▶ _Task to complete_
Give the whole listing below once more, exactly, without pictures.

▶ _Given data_
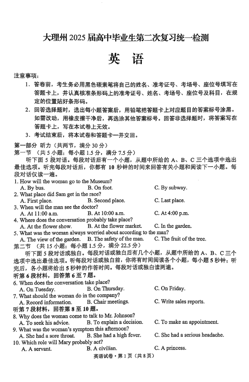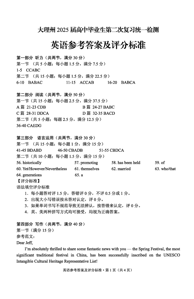 云南大理2025届高三第二次复习统测英语考试已于近日开考,为方便考生考后及时查看考试情况,查漏补缺、弥补不足,本文整理了试题答案解析相关信息!
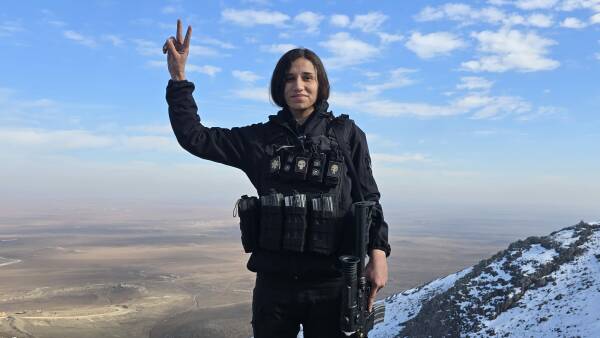 أفستا خابور التي شدت قامتها بالسلاح والزي العسكري، تتحدث بثبات وسط الثلوج "نحن هنا في تلة كوكب، العدو قريب، جماعاته تحاول التسلل من تحت الجبل. هم بقايا داعش، يطلقون على أنفسهم اسم هيئة تحرير الشام ليهاجموا أرضنا. لكننا نقولها بوضوح؛ لن يستطيعوا أبداً أن يطأوا أرضنا. هذه الأرض أرضنا، لا حق لهم فيها. ما دمنا أحياء سنقاتل، وما دمنا أبناء القائد عبد الله أوجلان فلن نعرف الاستسلام".
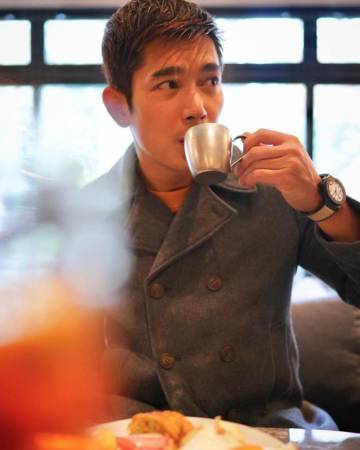 黄俊雄星期日上午上载吃早餐的帅气照片,祝贺自己生日快乐。

▶ _Answer to this problem_
 云南大理2025届高三第二次复习统测英语考试已于近日开考,为方便考生考后及时查看考试情况,查漏补缺、弥补不足,本文整理了试题答案解析相关信息!
 أفستا خابور التي شدت قامتها بالسلاح والزي العسكري، تتحدث بثبات وسط الثلوج "نحن هنا في تلة كوكب، العدو قريب، جماعاته تحاول التسلل من تحت الجبل. هم بقايا داعش، يطلقون على أنفسهم اسم هيئة تحرير الشام ليهاجموا أرضنا. لكننا نقولها بوضوح؛ لن يستطيعوا أبداً أن يطأوا أرضنا. هذه الأرض أرضنا، لا حق لهم فيها. ما دمنا أحياء سنقاتل، وما دمنا أبناء القائد عبد الله أوجلان فلن نعرف الاستسلام".
 黄俊雄星期日上午上载吃早餐的帅气照片,祝贺自己生日快乐。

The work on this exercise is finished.